Posted: April 22nd, 2012 | Author: | Filed under: Property Taxes | Tags: , , , , | 10 Comments »

10 Comments on “Such A Deal”

  1. MergerCentral said at 11:05 am on April 22nd, 2012:

    What would happen to the property taxes in Allenhurst? This is exactly why Abbott school districts are killing this state. I would love to see the data on how many kids from Allenhurst actually attend Asbury Park HS. I bet less than 10 kids total.

  2. truth hurts said at 11:50 am on April 22nd, 2012:

    The Abbott schools are crushing this states budget. Its a failing program that throws good money at bad situations and is a blatant abuse of us taxpayers. The extreme expenditures and extravagances of neptune, Asbury and Long Branch school districts is disgusting and extreme. Its further taxpayer abuse. The positive to this merger would be to eliminate a few police patrolman hopefully. The police unions and the $120k a year policeman are pushing this state faster into bankruptcy. The liberals and NJEA and PBA are doing everything they can to bankrupt this state and yet the outragous salaries and benefits keep going up. Hopefully this merger will eliminate some overpaid public union employees during this great recession.

  3. nbrefugee said at 1:33 pm on April 22nd, 2012:

    If the Princetons can merge. these two nothing towns should be able to merge, but actually merge withsomeone else. The Princetons will havce a combined population of 28,000 when merged. That should be the benchmark for continued merging with other towns in Monmouth.

  4. Mahatmacane Jeeves said at 2:57 pm on April 22nd, 2012:

    I agree, although marginally, with nbrefugee. I firmly believe that the mergers should be county-wide, with one unified police dept and one unified DPW/Highway department. Let every town bear the exact same burden (per capita) as the next.

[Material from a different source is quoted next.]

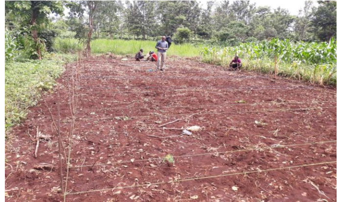
Fig. 1c. A view of experimental plots layout in PCEA Nkio secondary school farm-chuka

Garlic cloves were planted with the base of the clove down and the tip in upright position and covered with soil. The recommended spacing adopted was 30 cm by 15 cm and a planting depth of 5 cm. Hence, each experimental plot was having a total of 107 plants which translated to 222,453 garlic plants ha -1 . Once established, all other necessary maintenance practices were carried out appropriately. Weeding was done through uprooting as weeds emerged. Pests were controlled through regular application of Duduthrin® at the rate of 15 ml 20 litres -1 from the second week after garlic emergence at an interval of 14 days and stopped at 86 days after emergence. Diseases were controlled through regular application of Ridomil® fungicide at the rate of 40 gm 20 litres -1 from the second week after garlic emergence at an interval of 21 days and stopped at 86 days after emergence. Sprinkler irrigation was done from morning to mid- afternoon after planting and this was done twice per week during growth of garlic crop. Two weeks to harvesting, irrigation was stopped.

Couple that with a county-wide school system and we might begin to see some tax savings.

  5. truth hurts said at 4:24 pm on April 22nd, 2012:

    Merge the schools in Monmouth county? Now, that would be a great idea that would save a lot of taxpayer money. Does anyone have any info on this ? Any talk of this ?

  6. speedkillsu said at 3:21 pm on April 23rd, 2012:

    It still amazes me that we all pay the highest property taxes in the nation of which 60% to 75% are for schools …..yet we have NO choice ,we are forced to send our kids to schools that our politicians insist upon !

  7. Justified Right said at 4:56 pm on April 23rd, 2012:

    Don’t get me started Art….

  8. ArtGallagher said at 5:24 pm on April 23rd, 2012:

    Justified Right said at 4:56 pm on April 23rd, 2012:
    Don’t get me started Art….

    You’re already started Tommy. Don’t back off….

  9. New Guy said at 6:22 pm on April 23rd, 2012:

    Corsine nixed the deal that the town had, did you expect these smart, well to do, successful people to sit back and take it up the rear. I am suprised it took this long for them to get this ball rolling. I also question why commercial properties have to pay school taxes. Maybe the laws should be changed so that no one may use a commercial property address for school perposes. But I doubt they do already.

  10. Bob English said at 7:18 am on April 24th, 2012:

    Truth…There have been articles in the papers the past couple days regarding school consolidation. There was a big push in the last year or two of Corzines term to get the ball rolling on this. There is quite a bit of cost involved and from what I have read in the paper yesterday and today, it is not a priority for the current administration.